A live IPL forecasting and market execution engine that combines leakage-safe match prediction, real-time lineup/toss ingestion, automated decision logic, and cloud-deployed monitoring/retraining.
IPL Engine ingests historical and live match data, waits for toss and confirmed lineup information, generates pre-match win probabilities using a stacked ensemble trained on ball-by-ball data, compares them against market prices, applies Kelly criterion risk sizing, executes decisions automatically, tracks outcomes and P&L, and retrains the model after each match day.

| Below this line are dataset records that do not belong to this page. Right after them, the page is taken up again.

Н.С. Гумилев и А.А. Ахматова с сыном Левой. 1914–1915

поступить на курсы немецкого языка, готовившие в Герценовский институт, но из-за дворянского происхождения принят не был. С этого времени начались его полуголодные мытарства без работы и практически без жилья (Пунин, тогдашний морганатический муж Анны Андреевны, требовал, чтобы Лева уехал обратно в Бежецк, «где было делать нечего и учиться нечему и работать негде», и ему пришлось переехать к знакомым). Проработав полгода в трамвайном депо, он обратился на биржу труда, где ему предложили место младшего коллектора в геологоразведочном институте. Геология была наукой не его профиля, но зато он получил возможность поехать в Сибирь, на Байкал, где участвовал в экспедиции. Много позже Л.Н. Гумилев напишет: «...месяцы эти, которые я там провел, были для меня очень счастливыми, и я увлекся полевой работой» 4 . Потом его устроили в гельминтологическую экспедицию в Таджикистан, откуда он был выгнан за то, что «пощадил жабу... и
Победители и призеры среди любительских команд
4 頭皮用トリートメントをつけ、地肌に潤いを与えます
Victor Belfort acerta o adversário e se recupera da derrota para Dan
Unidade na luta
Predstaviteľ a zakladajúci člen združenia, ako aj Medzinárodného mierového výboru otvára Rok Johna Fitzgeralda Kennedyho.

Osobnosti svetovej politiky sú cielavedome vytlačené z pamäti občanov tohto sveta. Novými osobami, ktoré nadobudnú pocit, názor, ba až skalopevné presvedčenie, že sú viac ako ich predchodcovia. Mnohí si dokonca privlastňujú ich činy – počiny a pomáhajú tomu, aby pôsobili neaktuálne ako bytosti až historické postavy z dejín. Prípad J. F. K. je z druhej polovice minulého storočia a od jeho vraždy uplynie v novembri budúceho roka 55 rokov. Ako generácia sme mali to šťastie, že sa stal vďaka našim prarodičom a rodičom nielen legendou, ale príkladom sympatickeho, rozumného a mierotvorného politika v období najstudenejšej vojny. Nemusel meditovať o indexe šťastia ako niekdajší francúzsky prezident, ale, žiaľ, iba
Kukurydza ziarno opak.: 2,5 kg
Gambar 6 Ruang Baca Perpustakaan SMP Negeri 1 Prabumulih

- Forecasting: Stacked ensemble of logistic regressions averaging 74.3% walk-forward accuracy across 2023–2025 seasons, trained on 284 engineered features with strict chronological ordering
- Live data ingestion: Polls ESPNCricinfo for toss results and confirmed playing XIs, with on-the-fly player data fetching for previously unseen players
- Market comparison: Discovers relevant prediction markets, extracts live prices, computes model edge over market-implied probabilities
- Risk sizing: Half-Kelly criterion with configurable fraction caps, minimum confidence (60%) and minimum edge (3%) filters — coin-flip predictions are automatically skipped
- Automated execution: Places and tracks positions, prevents duplicate bets across restarts, reconciles local state against exchange positions on startup
- Retraining: Rebuilds the dataset and retrains the model after each match day, incorporating new results while excluding unplayed fixtures
- Monitoring: Real-time dashboard with live match tracking, upcoming schedule, match history, and P&L statistics
All data comes from ESPNCricinfo via the cricdata Python client: match metadata, full ball-by-ball deliveries, T20 career innings for every player, player bios, weather, captaincy records, and innings-level fielding stats.

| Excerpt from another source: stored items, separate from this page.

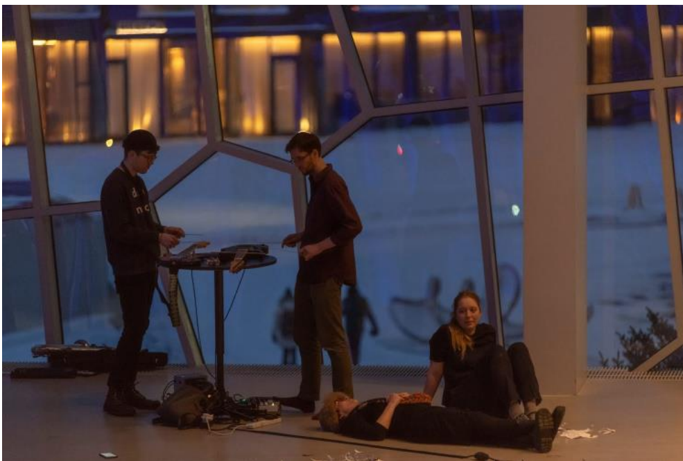
Mynd 3: Af tónleikum Skerplu á Myrkum músíkdögum þar sem flutt voru verk eftir Pauline Oliveros.
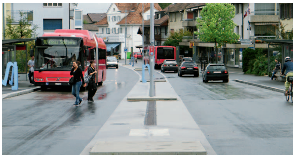
Un esempio riuscito di area di circolazione condivisa nel centro di Köniz (BE).
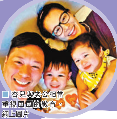
▲杏兒與老公相當重視囡囡的教育。
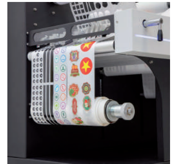
Sistema de rebobinado automático
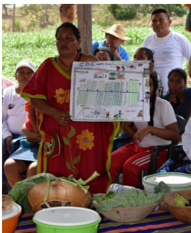
Proyecto de recuperación rápida de producción de alimentos, en el corregimiento Montelara en La Guajira.

Durante el mes de febrero, más de 331.200 beneficiarios recibieron una o más asistencias alimentarias y de nutrición a través de 48 socios e implementadores del RMRP, en un total de 47 municipios de 13 departamentos, tanto en departamentos de frontera, como de tránsito y asentamiento de población proveniente de Venezuela.
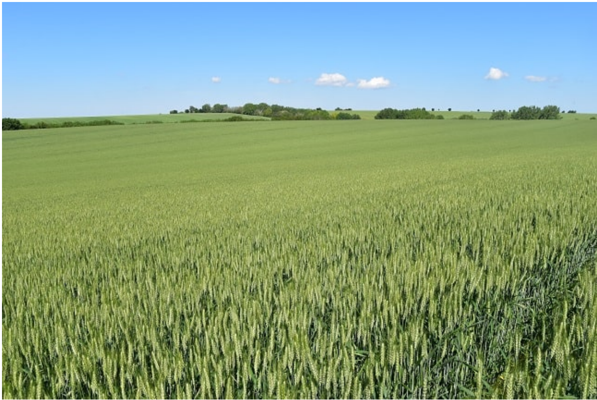
Az Ortolan az egyik legjobb alkalmazkodó képességű korai fajta

A multinacionális cégek között továbbra is egyedülálló módon hazánkban működő őszi búza nemesítő állomásunk a hazai és a régió szomszédos országainak piacaira is nemesít fajtákat. Így a régióra jellemző időjárási és termőhelyi adottságokhoz leginkább alkalmazkodó búzák kerülhetnek minősítésre és forgalmazásra ezzel is biztosítva a termelők által jogosan támasztott legmagasabb igények kiszolgálását. A 2020-as őszi vetéssel az állami elismerés folyamatába kerültek az első, már Fűzesabonyban keresztezett fajták. Reméljük hamarosan ezek a fajták is tovább erősíthetik az Isterra kínálatát.
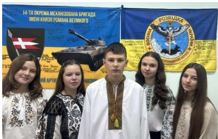
Пошукова група Буянівської гімназії – філії ОЗЗСО «Торчинський ліцей Торчинської селищної ради»

Волонтерство слід розглядати як практичний інструмент виховання активних громадян, здатних змінювати суспільство на краще.
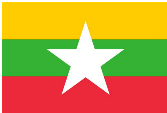
ภาพที่ 00 ธงชาติเมียนมาร์ (Myanmar Flag)

ต่อมาในเดือนกันยายน พ.ศ.2550 มีการเสนอแบบธงชาติพม่าใหม่อีกครั้ง ซึ่งได้กำหนดรวมอยู่ในร่างรัฐธรรมนูญฉบับใหม่ของสหภาพพม่าด้วย เมื่อมีการรับรองร่างรัฐธรรมนูญดังกล่าวโดยการลงประชามติในเดือนพฤษภาคม 2551 จึงเท่ากับว่าเป็นการยอมรับธงชาติพม่าใหม่ตามประชามตินี้ด้วย ลักษณะเป็นธง 3 สีรูปสี่เหลี่ยมผืนผ้า ภายในแบ่งตามแนวนอน ความกว้างเท่ากัน พื้นสีเหลือง สีเขียว และสีแดง เรียงตามลำดับจากบนลงล่าง กลางธงมีรูปดาวห้าแฉกสีขาวขนาดใหญ่ ความหมายของสัญลักษณ์ในธงชาติประกอบด้วย สีเหลืองหมายถึงความสามัคคี สีเขียวหมายถึงสันติภาพ ความสงบ และความอุดมสมบูรณ์ของพม่า สีแดงหมายถึงความกล้าหาญ ความเข้มแข็ง เด็ดขาด ดาวสีขาวหมายถึงสหภาพอันมั่นคงเป็นเอกภาพ ธงชาติใหม่ของเมียนมาร์ได้ชักขึ้นสู่เสาครั้งแรกเมื่อ 21 ตุลาคม 2553 เวลา 15.00 น. ที่กรุงเนปิดอร์ และเวลา 15.33 น. ที่นครย่างกุ้ง (เวลาท้องถิ่น) 46
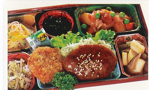
28 照り焼きハンバーグ 熱量 403kcal タンパク質 21.5g 脂質 12.5g 炭水化物 46.7g 食塩相当量 3.5g 使用原料 卵 乳 小麦 そば 落花生 エビ カニ
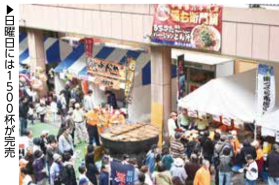
▶日曜日には1500杯が完売

4月8日・9日に開催された源右衛門祭。1724年(享保9年)に、初めて新川の治水に取り組んだ人物とされる染谷源右衛門と、開削にかかわった人たちの恩を、感謝するお祭りです。
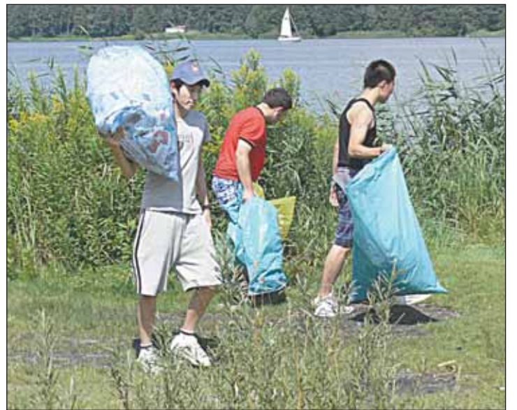
...i podczas pracy
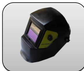
ماسک اتومات جوشکاری Automatic welding helmet
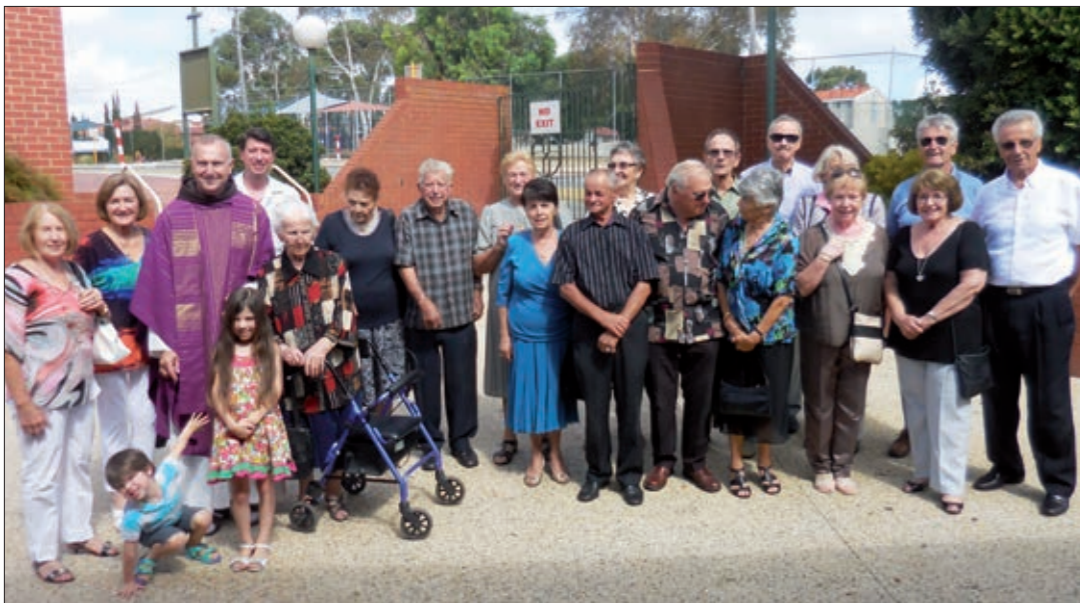
Na drugo postno nedeljo, 21. februarja 2016, smo imeli sveto mašo v cerkvi St. Kieran v Tuart Hill.
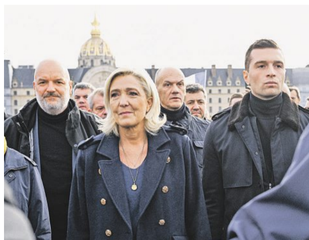
Účast na pochodu je volební strategie Marine Le Penové.

Národní frontu založil otec Marine Le Penové Jean-Marie Le Pen v kruhu pohrobků vichistického režimu, který kolaboroval s Hitlerovou říší. Nenávist vůči Židům patřila mezi opěrné pilíře strany. Sám Jean-Marie Le Pen je zároveň soudem uznán rasista a antisemita. Opakovaně označil holocaust za „detail“ druhé světové války, za což mu francouzský soud vyměřil několikrát pokutu. Le Penová kvůli tomu nechala otce v roce
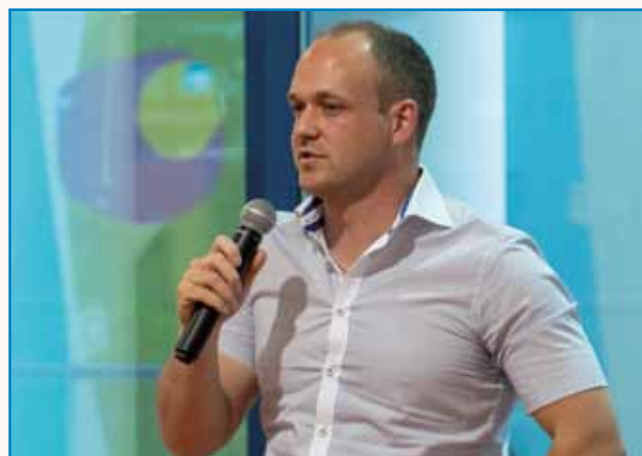
Stanovanje številka 27 stran 4

284 features across 15 categories, computed in strict chronological order — every feature for a given match uses only data available before that match.
| Category | Examples | Source |
|---|---|---|
| ELO ratings | Team ELO, ELO diff, expected win prob | Match results with season decay |
| Team form | Win rate (last 5/10/season), win/loss streak | Prior match outcomes |
| Current season form | Season win rate, chase win rate this season | Current season only |
| Phase stats | Powerplay/middle/death run rate, dot %, boundary % | Ball-by-ball data |
| Player aggregates | XI batting SR, bowling economy, consistency, experience | Player career innings |
| Player vs venue/opposition | Batting avg at ground, bowling economy vs opponent | Player career innings |
| Squad composition | Pace/spin bowler count, left-hand bat count, role balance | Player bios |
| Venue | Avg 1st innings total, chase win rate, boundary size | Historical matches |
| Toss | Toss winner, decision, interaction with venue chase rate | Match metadata |
| Context | Match number in season, days rest, home/away, playoff flag | Match metadata |
| Points table | Pre-match points, position, NRR | Reconstructed from ball-by-ball |
| Win margin | Average margin of victory in current season | Match results |
| Squad churn | Players changed from previous match XI | Playing XI tracking |
| Weather / time | Temperature, humidity, dew point, wind, cloud cover, day/night | Open-Meteo via cricdata |
| Diff features | team1_X - team2_X for all paired features | Derived |
Of these 284, only 23 are used by the final model. The rest are noise at this sample size.
The IPL has ~70 matches per season, yielding only ~200–400 usable training samples. Gradient boosting methods (CatBoost, LightGBM, XGBoost) overfit badly, topping out around 55–60%. Logistic regression with L2 regularization (C=0.1) generalizes much better.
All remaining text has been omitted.